DEMENTIA OR ALZHEIMER’S DISEASE HOME ENVIRONMENTAL TIPS

delighted senior father and adult daughter hugging in studio

LIGHTING:

  • Lighting should be soft, not bright however very well lit
  • Night- lights throughout rooms
  • Windows should be covered with blinds and open for natural light during days. Close window coverings at night to decrease glare.

BEDROOM:

  • Put all personal hygiene items in a locked drawer. Many hygiene items are poisonous, nail polish remover, perfumes, shampoos, nail polish, lotions. Position bed facing the bathroom
  • Use cards/colorful photo images to label contents in drawers/cupboards and doors
  • Pictures of your loved one from when they were young
  • Pictures of family with the names of the family members

    BATHROOM:

  •  Always have the SAME towels available and place them in same location for easy access
  • Use non-slip mats, *shower chair and *grab bars
  • Keep toilet paper in same location and within easy reach of the toilet
  • If the sink is white, consider colorful stickers to help it be visible
  • If the bathroom FLOOR is shiny it may appear WET which could lead to your loved one becoming anxious and move unsteadily when entering bathroom.  Change the floor or eliminate the shine. Avoid wavy lines, stripes or changes of color between rooms if possible.
  • Toilet: if identifying toilet is becoming difficult consider changing the color of the toilet seat to create contrast. Consider the height of the toilet and installation of grab bars for safety concerns.
  • Keep household water temperature at or below 120F

ALL ROOMS:

  • Remove all clutter and tripping hazards (cables/wires running across the floor)
  • Remove area rugs OR tape down edges
  • Keep a list of phone numbers with a photo of each person beside the telephone.
  • Mirrors: Often those with dementia become confused or disoriented seeing themselves (or the reflection of the environment) in the mirror. Cover or remove them.
  • Provide a daily “To do list” on a bulletin board
  • -leave doors open that your loved one are permitted to enter. Close other doors.
  • Use contrast colored wall socket and switch plates

Consult OT/Home Modification Professional for recommendations

Resources: National Council of Certified Dementia Practitioners and BrightFocus Foundation)

Fall Prevention

Balance and Fall Prevention

FALL PREVENTION STRATEGIES TO MAKE YOUR HOME SAFER: Make an investment in your independence!!

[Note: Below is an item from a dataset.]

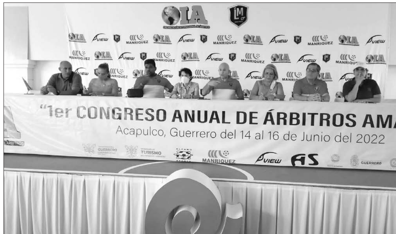
▲ Durante el primer congreso anual de árbitros amateurs, llevado a cabo en Acapulco, estuvieron presentes más de 200 silbantes aficionados, que no cuentan con un salario fijo y carecen de garantías para realizar su trabajo.

China ha mantenido severas restricciones fronterizas durante la pandemia, así como estrictas cuarentenas al detectarse casos positivos de Covid-19 dentro del país. Recurrió a una burbuja para albergar los Juegos Olímpicos de Invierno en febrero, lo que implicó acordonar varias zonas de Beijing, pero ha cancelado competiciones internacionales de menor jerarquía.

  1. Remove tripping hazards: secure (tape) or remove scatter rugs; tack down carpet if curling/puckering; use electrical tape to fasten electrical cords and phone charging cords to wall
  2. Clean up/remove all clutter (boxes/magazines/etc) from walking paths and stairs
  3. Store necessities (clothing, food, dishes) within easy to reach locations
  4. Adequate lighting: Keep your home brightly lit; use nightlights in bedroom, bathroom, and hallways; use glow in the dark/illuminated light switches; store flashlights in easy to find places in case of power outage
  5. Move furniture to allow for flowing traffic pattern
  6. Improve bathroom safety: grab bars, nonslip mat, shower seating, toilet modifications (seek out Home Modifications Specialist)
  7. Use non-slip surfaces throughout home: Bathtubs/showers, kitchen and bathroom floors, porches.

ADAPTIVE DEVICES: In addition to use of a cane or walker there are other assistive devices to consider. An Occupational Therapist/Home Modification Specialist is able to evaluate your living space and provide additional fall prevention strategies such as consideration of durable medical equipment (shower seating, grab bars, hand held sprayer); stair climbers, ramps or stair lifts; door widening strategies.